You are NELC student taking your comprehensive exams.
You are planning any event with NELC.
You want to cross-list your course with NELC .
You want to share announcements with the NELC community.
You are part of the NELC community and need to make any updates on our website or to post news stories.

What knowledge, skills, beliefs, or values do you currently possess that allow you to manage complex situations?

To manage any complex situation, I try to divide it into smaller pieces. I work on the parts I can control and try to accept what I cannot.

Meet the Staff: Isaac Rainey

Isaac Rainey headshot

More than 100 staff members work in the Division of the Humanities. We’ll introduce you to our staff in this continuing series.

Isaac Rainey
Department Administrator
South Asian Languages and Civilizations

What do you like most about your job?

I have had jobs in the past where I wasn't sure anything was even resulting from my hard work. That is not the case since I became the administrator for the South Asian Languages and Civilizations (SALC) department. I know that my work means that courses happen, events take place, and that faculty and students have their needs met. I enjoy being a part of processes that produce some of the best scholarship on South Asia in the world. Everyone at SALC has been so warm, welcoming, and kind, and I am very fortunate to be here.

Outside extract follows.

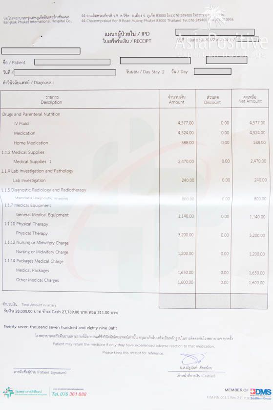 В январе 2012 года в результате падения с мопеда я попала в Бангкок Госпиталь (Bangkok Hospital) на острове Пхукет с серьёзной травмой ноги. Мне оказали первую помощь и попросили внести половину стоимости самостоятельно, так как страховой компании понадобилось несколько дней на согласование с госпиталем всех бюрократических вопросов.
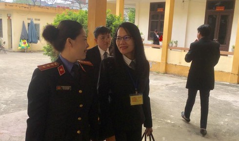 Kiểm sát viên Bùi Thị Thu Hằng (bên trái) và luật sư Trần Hồng Phúc (người bào chữa cho bị cáo Hoàng Công Lương) tại phiên tòa đang được TAND TP Hòa Bình xét xử công khai. |

What was the last good book you read?

The Dawn of Everything by David Graeber and David Wengrow was my favorite book in 2023. It refutes many of the narratives shoe-horned into pre-history by pop history and pop anthropology that argue that inequality is inherently baked into civilizations and presents a more evidence-based explanation for the existence of many highly organized societies that lacked strict hierarchies. It is difficult to be brief in discussing this book, and many are not as thrilled with it as I am. However, it has certainly electrified archaeology and anthropology, which has led to some very interesting debates and discussions.

You might work with me if …

If you work with SALC at any time, you will likely communicate with me at some point.

What's the most exciting thing you've learned in your current position?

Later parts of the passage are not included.